C’è una discordanza di visioni sulla maniera effettiva in cui a ridosso dell’estremità più remota del grande ammasso emerso euroasiatico, ad un certo punto indefinito di epoche geologiche passate, possa essere giunto a palesarsi l’arcipelago del Giappone. Chiedete a un seguace della religione shinto, la Via dei sommi Kami che risiedono nell’ultramondo, ed egli non mostrerà nessuna esitazione nel riferirvi del racconto del sommo dio padre Izanagi, Colui che invita, compagno di Izanami la Colei che invita, che appoggiando la sua sacra lancia sulla superficie dell’Oceano, lascia che da essa scaturisca un fango magico, in grado di consolidarsi nella forma delle otto grandi isole del regno di Yamato. Mentre l’esperienza pregressa c’insegna, d’altro canto, che per ciascuna terra relativamente giovane, c’è sempre da cercare una particolare forma nel paesaggio: conica col buco in cima, qualche volta silenziosa. Qualche altra, borbottante della furia mai sopita delle origini del mondo. Soprattutto quando ci si trova, come per quel tellurico paese, sui confini dell’anello stesso dei monti di fuoco, una delle aree geologicamente instabili più estese ed importanti dell’intera crosta sopra del pianeta. 6.852, per essere precisi: questo è il numero totale delle isole che compongono, collettivamente, il paese cosiddetto degli dei. E per ciascuna di esse, salvo le più piccole, c’è sempre un ottimo vulcano. La nevosa Hokkaido, sita in corrispondenza latitudinale con la russa città di Vladivostok (grossomodo) non fa certamente eccezione. Tranne che per un aspetto, a dire il vero, alquanto geometricamente affascinante. Poiché di caldere ancora fiammeggianti ne ha diverse, tutte site in prossimità del centro esatto dello spazio trapezoidale che ricopre sulla mappa. Raccolte attorno all’alto monte Tomuraushi, nel parco naturale di Daisetsuzan. Non troppo distanti dalla piccola città di Biei (11.000 abitanti). Come la mitica lancia di cui sopra, ma posizionata in senso inverso, e tesa verso l’alto dalle forti mani di un titano chtonio, mai raggiunto dalla luce degli astri distanti nella volta dell’azzurro cielo. Oppure una condotta rinforzata, tubo solido impiegato per tenere ferma l’ampia piattaforma soprastante. Ma non si possono fare miracoli, ovviamente, senza rompere qualche uovo. Dall’incandescente contenuto magmatico, nel presente, e alquanto problematico caso…

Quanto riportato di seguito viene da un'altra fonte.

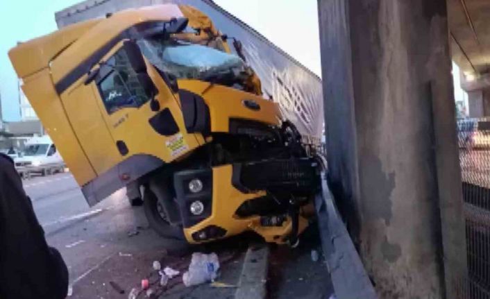 Pendik’te E-5 Karayolu’nda şoförünün direksiyon hakimiyetini kaybettiği tır üst geçide çarptı. Araç içerisinde sıkışarak yaralanan şoför sıkıştığı yerden kurtarılırken, bölgede trafik yoğunluğu oluştu.
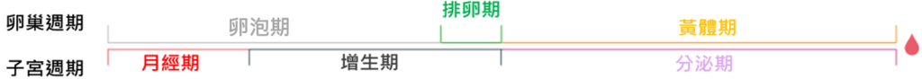 | 0-7 | 月經期: 子宮內膜脫落及排出。 | 卵泡期:卵巢被刺激而產生多個卵泡。每個卵泡都包含一粒未成熟的卵子。最終會有一個卵泡成為主卵泡 (Dominant Follicle),其他卵泡則會停止生長。 |

Fu così che nel 1988, non per la prima né l’ultima volta, il monte Tokamichi, parte delle tre catene del Daisetsuzan, sfogò la sua furia rilasciando un fiume piroclastico di roccia liquefatta, pericolosamente incline a dirigersi verso la piccola città di Biei. E voi pensate, per assurdo, che la povera gente e l’Amministrazione del Paesaggio dell’Hokkaido, avrebbero accettato un tale scempio senza fare tutto il possibile, TUTTO il possibile, per avere salve le proprie preziosissime case?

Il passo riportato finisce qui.